To unicode or not to unicode...

Alright, so the title of the thread may have been - slightly - grammatically incorrect, apolo.. I mean, stick it english nazi's!

I've just started delving into the Win32 API with the help of "Programming Windows" (Petzold), and what I was wondering is this, how often is unicode implemented in practice?

I understand how to program with it (I believe), but I was curious as to how many people actually do:

i.e using TCHAR and using functions that are implemented with either ASCII or Unicode based on whether UNICODE is defined...

Any views on the topic would be appreciated, however please refrain from "i dont use it its shit" responses :)
Use Unicode always. That's my opinion. Other Microsoft technologies like COM use Unicode only, so it will make your life easier, plus it is not inconceivable that Microsoft will stop deploying ANSI API's. I think there's already one or two that are Unicode-only (don't remember which ones, though).

So simply put: Always Unicode.
I'm of the same opinion as webJose.

I usually don't even use the TCHAR nonsense because TCHARs just add an additional level of complexity. I stick to wchar_t and the 'W' versions of functions/structs/etc.

However... I seldom work with WinAPI directly. When I do, I usually wrap it around another layer so I can use utf-8 internally in my program. Then I just convert to utf-16 when speaking with WinAPI.

Alternatively you could change the code page in WinAPI and give it UTF-8 directly with the 'A' series of functions. Or at least theoretically. Personally I've never actually tried it.
Its a pain, Get Funky.

I do all three, i.e., use chars, w_charts, and TCHARs. The whole TCHAR thing is incredibly ugly, of course. After fighting it for many, many years, I finally gave in and made the momentous decision to absolutely give up chars and wchar_t and stick to TCHARs.
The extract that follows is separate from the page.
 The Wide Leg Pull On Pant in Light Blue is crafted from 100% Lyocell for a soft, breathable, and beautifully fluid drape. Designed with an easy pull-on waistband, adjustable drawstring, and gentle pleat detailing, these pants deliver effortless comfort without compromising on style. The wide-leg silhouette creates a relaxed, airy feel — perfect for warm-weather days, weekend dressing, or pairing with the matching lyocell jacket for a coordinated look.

Unfortunately, the will is only so strong, and I have periodic relapses.

It seems to be the price of doing business in C++ for Windows though.
I absolutely HATE programming in Unicode, but since MicroSoft and everybody else is going that direction, and since it's clearly the wave of the future, as was said above, program in Unicode.
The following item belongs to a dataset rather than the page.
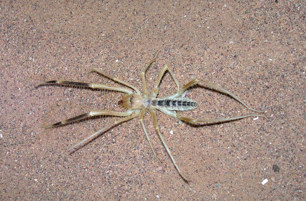 Ovviamente abbiamo fotografato e campionato anche materiale di altri ordini. Questo bellissimo scorpione sembrava fatto di giada o di un'altra pietra dura traslucida. Questo solifugo misurava circa 3-4 cm (escludendo zampe e palpi). ... continua...  Ciao Piero

At least until they come up with something better, if they ever do.
Thanks for the replies, I'd sooner ask a lot of questions than be ignorant :)

@Disch:
- When you mentioned UTF-8 I had a bit of a look into it (heard of it but never really payed much attention). Wouldn't it have the same issue where random read is difficult as charcaters may consist of multiple bytes (i.e. one character is one byte and the next is two bytes)?
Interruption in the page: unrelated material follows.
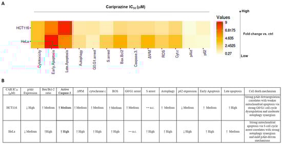 Background/Objectives: Cariprazine (CAR), an atypical antipsychotic drug, exhibits potent anticancer activity; however, its mechanism of action remains unclear. Methods: We conducted a comparison of CAR-induced cell death mechanism in HeLa and HCT116 cancer cells and explored its potential role as a Qi-site inhibitor of cytochrome bc1 reductase (complex III). Results: CAR induced a dose-dependent cytotoxic effect and triggered apoptosis in both cell lines; however, the mitochondrial responses were distinctively different. HeLa cells exhibited significant mitochondrial membrane depolarization, significant cytochrome c release, a strong increase in the Bax/Bcl-2 ratio, elevated caspase-3 activation, and notable S phase arrest along with autophagy induction, indicating that mitochondria-driven apoptosis occurred rapidly. In contrast, HCT116 cells showed moderate mitochondrial dysfunction, moderate cytochrome c release, enhanced suppression of Akt signaling, and significant G0/G1 phase arrest, which are consistent with a slower and mixed apoptotic response. The findings from molecular docking studies predicted that CAR had stable binding at the Qi site and showed interactions at the Qi site that were comparable to those of antimycin A, thereby suggesting its possible inhibitory effect on complex III. Conclusions: The results from our study indicate the engagement of CAR-activated apoptotic pathways that are specific to different types of cancer cells, and hence suggest that CAR may act as a new anticancer drug by potentially directing its action towards the mitochondrial Qi-sites of complex III.

- Also, how does UTF-8/16/32 pertain to using wchar_t and such, if they support variable width encoding, for example UTF-32, where each character is four bytes? (As now we are using integers unlike a short int like with wchar_t)?

@Lamblion:
- Out of curiosity, why do you hate using unicode?

Lamblion wrote:
I absolutely HATE programming in Unicode,


Why? It's like a million times simpler than the alternatives.

One value = one codepoint. Every glyph can be represented at any time.

You don't have to worry about code pages or any other weird crap.

get funky wrote:
Wouldn't it have the same issue where random read is difficult as charcaters may consist of multiple bytes (i.e. one character is one byte and the next is two bytes)?


That kind of thing is only a concern if you're doing text processing. For most purposes you don't need to distinguish between individual codepoints. 99% of the string work I do is just passing them around (they are input from either a file or from the user, and I don't have to modify them much outside of that).

And if you do need to really get down and dirty with them, you would probably want to convert them to UTF-32 somehow so they can be easily manipulated.

get funky wrote:
Also, how does UTF-8/16/32 pertain to using wchar_t and such, if they support variable width encoding, for example UTF-32, where each character is four bytes?


That's kind of the thing with wchar_t. It just means "wide character" which in the context of Unicode means absolutely nothing.

On Windows, WinAPI uses wchar_t as a 16-bit variable to have UTF-16 data. On other platforms, though, wchar_t may be a different size (on *nix it is usually 32 bits wide). Which is part of the reason why I don't really like to use it unless I'm interfacing with WinAPI.
Topic archived. No new replies allowed.